Records from a dataset:
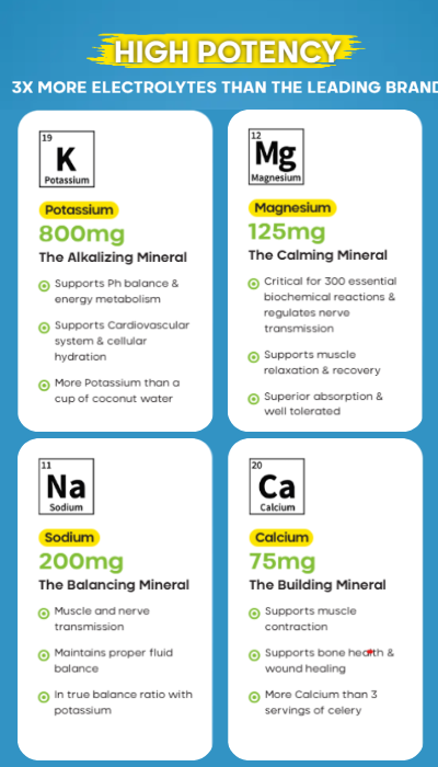 Electrolytes regulate hydration through fluid balance in the body (both inside and outside of cells), while also regulating nervous system transmission, cardiovascular health, bone density, sleep quality, and muscle performance. If you do not consume enough electrolytes any one of these systems may suffer and dehydration alone can cause dramatic negative health consequences.
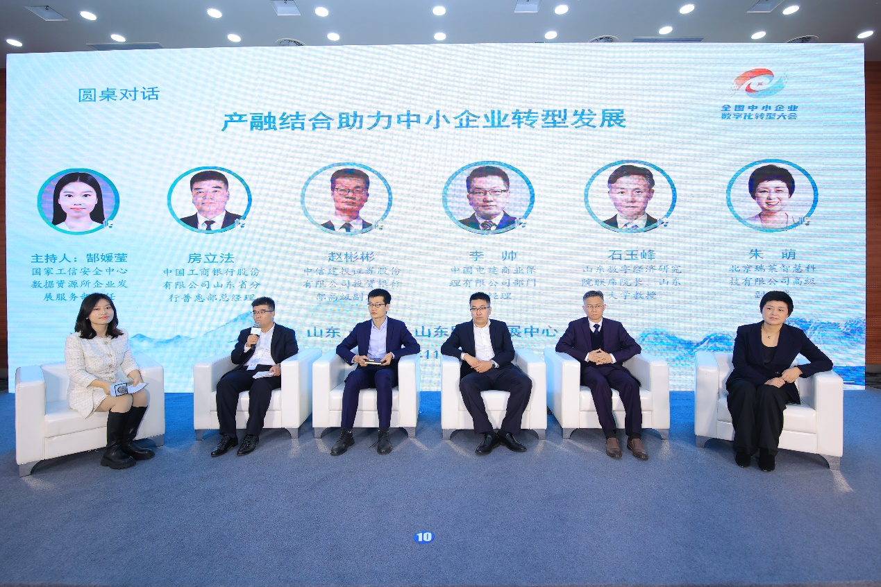圓桌對話環節由中心數據資源所企業發展部主任郜媛瑩主持。來自中國工商銀行股份有限公司山東省分行、中信建投證券股份有限公司、中國電建商業保理有限公司、山東數字經濟研究院、北京瑞萊智慧科技有限公司的代表匯聚一堂,圍繞產融結合助力數字化轉型穩步推進這一主題,共同探討不同角度產融結合助力中小企業轉型發展的策略及路徑。
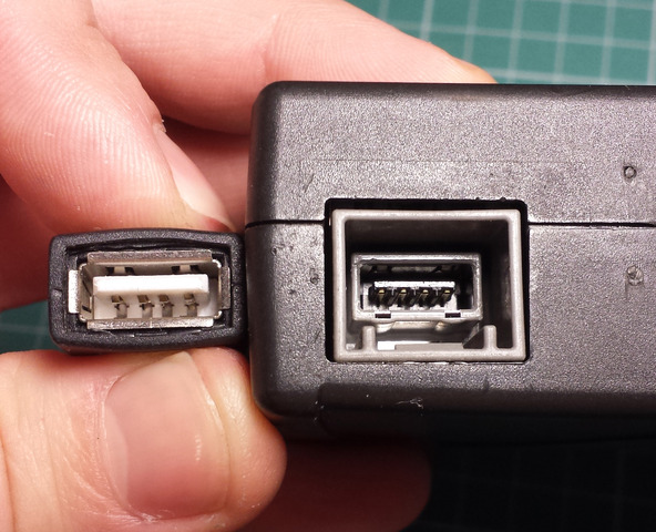 2) 1x konektor USB samice (ten co je třeba v PC). Z tohoto konektoru odendáme plechovou část. Takto upravený konektor již jde zastrčit do BT modulu. Možná bude potřeba více napružit kontakty na konektoru.
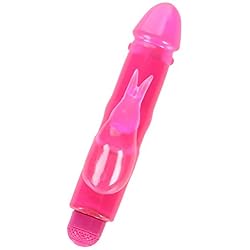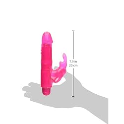 This rabbit vibe is packed with power! With adjustable speed vibration, you can go from oh to OHHH. Simply twist the knob at the bottom until you reach your desired level of stimulation. Enjoy blissful pleasure as the ears of the bunny dance across your pleasure spot. Compact and waterproof, you can take this orgasmic vibe practically anywhere! Measurements: 8.25 inches in total length, 5 inches insertable, 1.35 inches in diameter. Material: TPR, ABS. Color: Pink. Note: Requires 2-AA batteries, not included
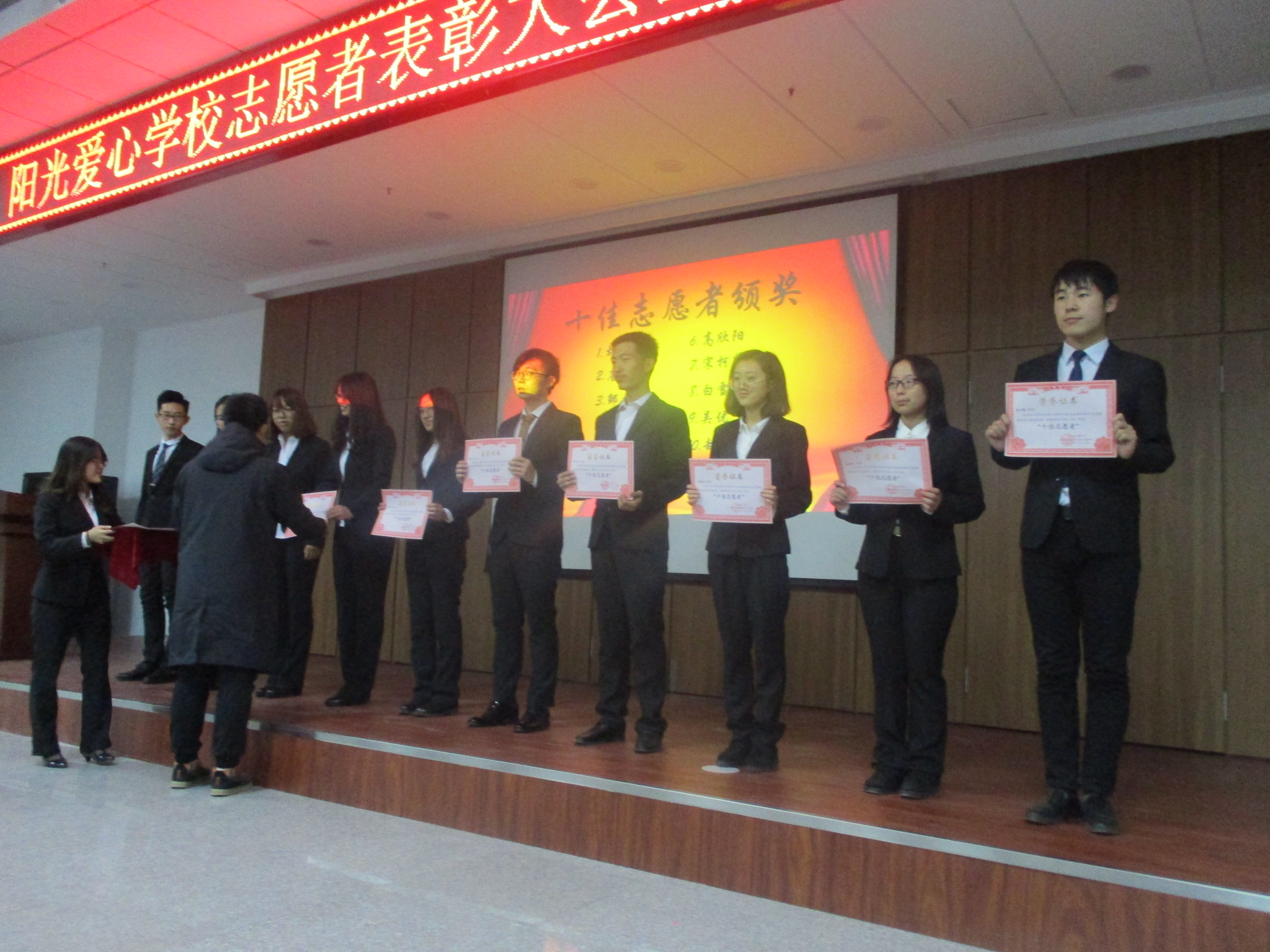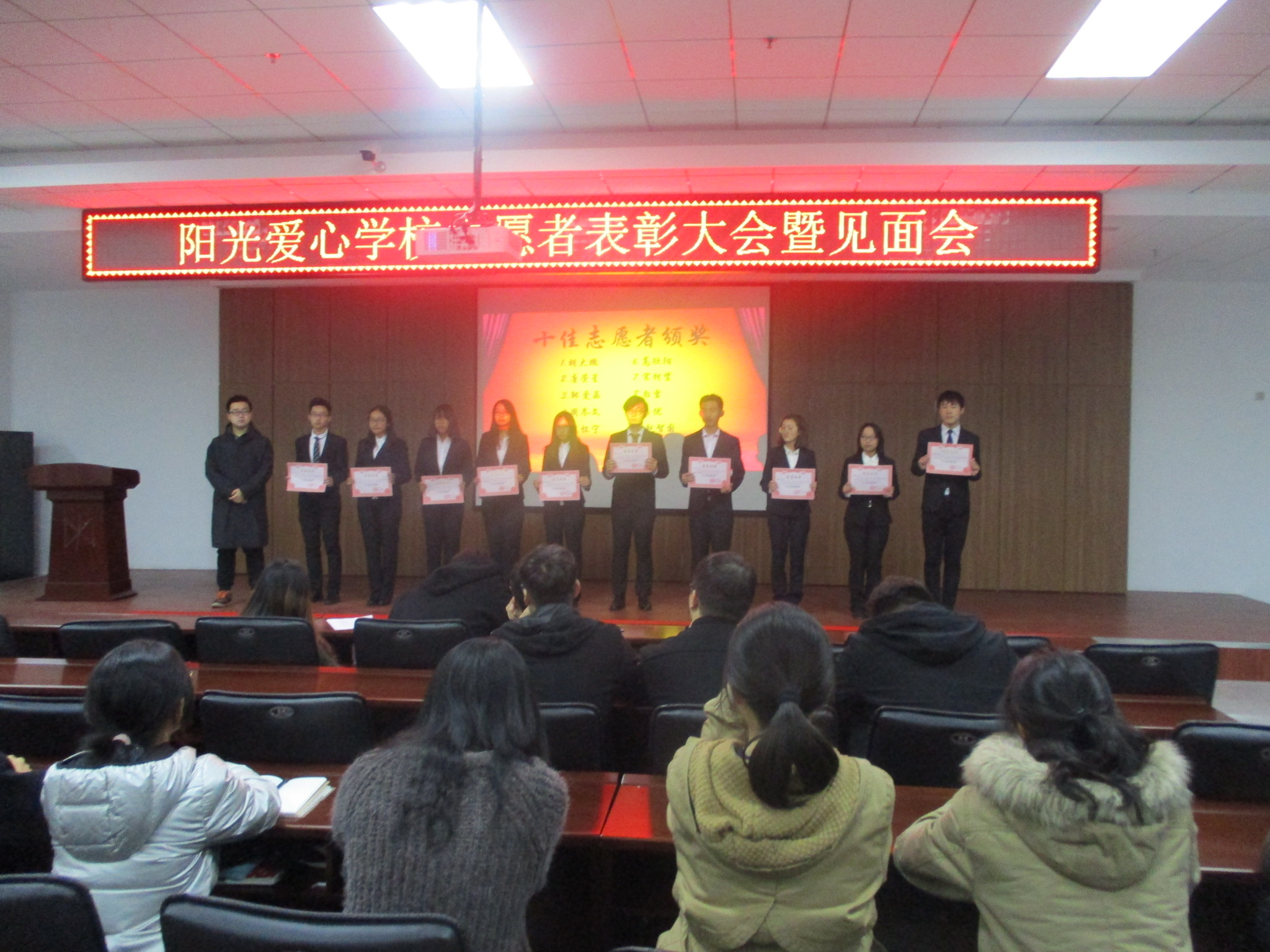 首先主持人通过《以梦为马》一诗拉开活动的序幕,紧接着社区基地、省博物馆基地、特殊教育基地、支教处基地负责人依次上台发言,和大家分享他们过去一年的活动感悟,然后由阳光爱心学校副校长及秘书长为十佳志愿者和优秀志愿者颁奖,并由优秀志愿者陈怀宁代表发言,接着志工部部长滕宏带领志愿者们宣读志愿者誓词,最后由阳光爱心学校副校长许浩源以自身经历向志愿者们予以告诫和鼓励。颁奖结束后还设有游戏环节,意在活跃气氛、让志愿者们更加熟悉。晚8点,此次表彰大会暨见面会圆满结束!
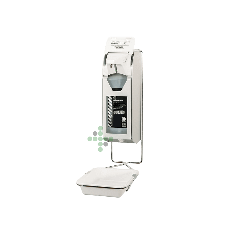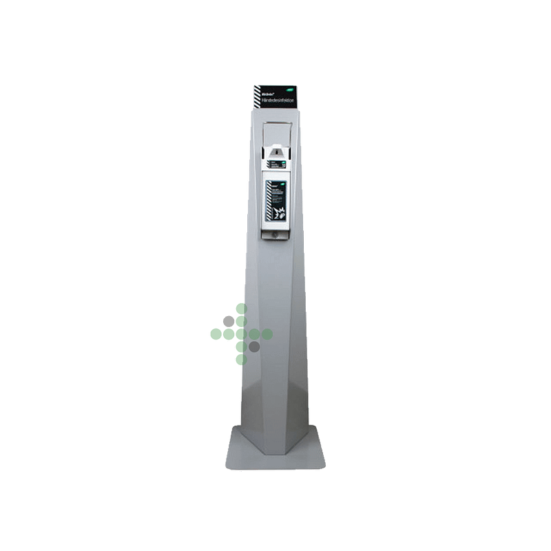 Pevný kovový stojan pro dávkovač dezinfekce.
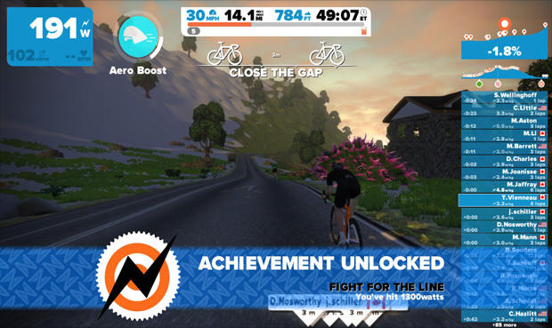 Further, as you hit certain power numbers, speed, or miles ridden, you will get a message of your achievement along with unlocking certain jerseys or bike upgrades. I noticed myself time and again pushing harder for these achievements and competing harder than I would under normal training sessions. I also see numerous similar comments from beta users whose easy ride turned into a race or challenge.

■ **WORK ITEM**:
Only the lines starting at the one that includes "This rabbit vibe" and ending at the one that includes "首先主持人通过《以梦为马》一" should be retyped, exactly, from the records above; no pictures.

■ **TASK RESPONSE**:
 This rabbit vibe is packed with power! With adjustable speed vibration, you can go from oh to OHHH. Simply twist the knob at the bottom until you reach your desired level of stimulation. Enjoy blissful pleasure as the ears of the bunny dance across your pleasure spot. Compact and waterproof, you can take this orgasmic vibe practically anywhere! Measurements: 8.25 inches in total length, 5 inches insertable, 1.35 inches in diameter. Material: TPR, ABS. Color: Pink. Note: Requires 2-AA batteries, not included
 首先主持人通过《以梦为马》一诗拉开活动的序幕,紧接着社区基地、省博物馆基地、特殊教育基地、支教处基地负责人依次上台发言,和大家分享他们过去一年的活动感悟,然后由阳光爱心学校副校长及秘书长为十佳志愿者和优秀志愿者颁奖,并由优秀志愿者陈怀宁代表发言,接着志工部部长滕宏带领志愿者们宣读志愿者誓词,最后由阳光爱心学校副校长许浩源以自身经历向志愿者们予以告诫和鼓励。颁奖结束后还设有游戏环节,意在活跃气氛、让志愿者们更加熟悉。晚8点,此次表彰大会暨见面会圆满结束!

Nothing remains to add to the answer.